In captivity, the birds’ diets are supplemented with carotenoids such as beta-carotene and and canthaxanthin. Beta-carotene, responsible for the orange of carrots, pumpkins and sweet potatoes, is converted in the body to vitamin A. Canthaxanthin is responsible for the color of apples, peaches, strawberries and many flowers.
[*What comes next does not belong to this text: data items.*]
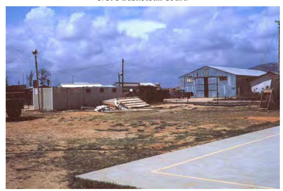
10. SPS Basketball Court.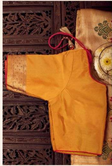
MUSTARD SILK PACHAM FALGU SAREE WITH SWAROVSKI WORK ON IT, HAVING DOUBLE BOUND CONCEPT, FIRST SILK BOUND AND SECOND RANI EMBROIDERED BOUND.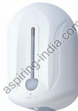
AUTOMATIC SOAP DISPENSER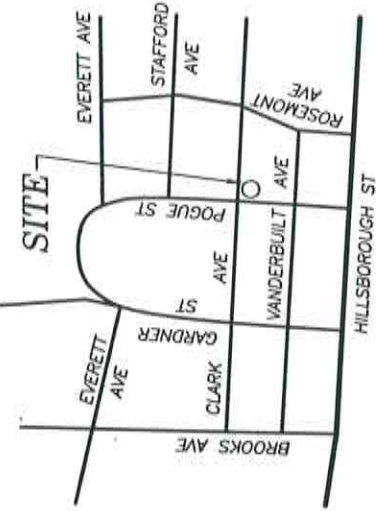
VICINITY MAP (N.T.S.)

LEGEND ○ EXISTING IRON PIPE ● NEW IRON PIPE X COMPUTED CORNER NOTE: THIS PROPERTY DOES NOT LIE WITHIN 2000' OF A N.C.G.S. MONUMENT. THIS SURVEY IS OF AN EXISTING PARCEL OR PARCELS OF LAND. ALL CREEKS, EASEMENTS, BUFFERS, FLOOD LIMITS & SETBACKS TAKEN FROM BOM 1926, PG 08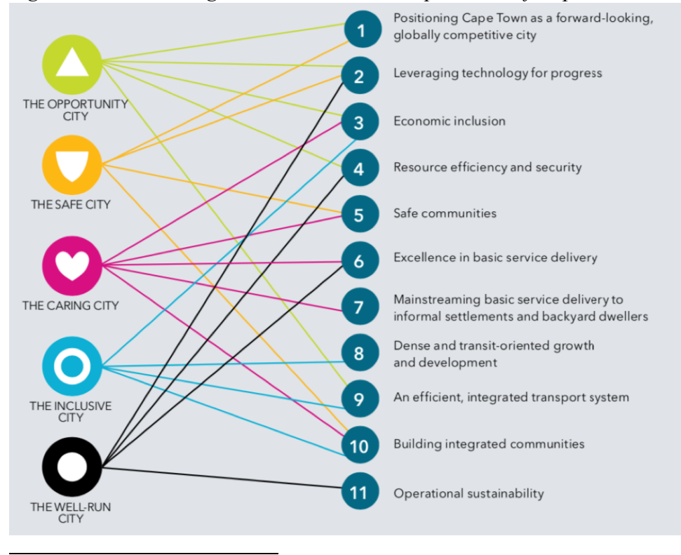
Figure 4. The 5 Strategic Focus Areas and 11 priorities of Cape Town's IDP

The IDP consists of five pillars or Strategic Focus Areas, which are connected to 11 priorities which transform into 11 objectives that are in turn operationalised to the programme and project level (see Figure 4).

Shrimp can’t produce these compounds either, so they too depend on their diet to color their tiny bodies. Flamingos, though, are arguably the best-known examples of animals dyed by what they eat. What others species get pigment from their food? Here’s a quick list:
Northern cardinals and yellow goldfinches: When these birds consume berries from the dogwood tree, they metabolize carotenoids found inside the seeds of the fruit. The red, orange and yellow pigments contribute to the birds’ vibrant red and gold plumage, which would fade in intensity with each molt if cardinals were fed a carotenoid-free diet.
Salmon: Wild salmon consume small fish and crustaceans that feed on carotenoid-producing algae, accumulating enough of the chemical compounds to turn pink. Farmed salmon are fed color additives to achieve a deeper shades of red and pink.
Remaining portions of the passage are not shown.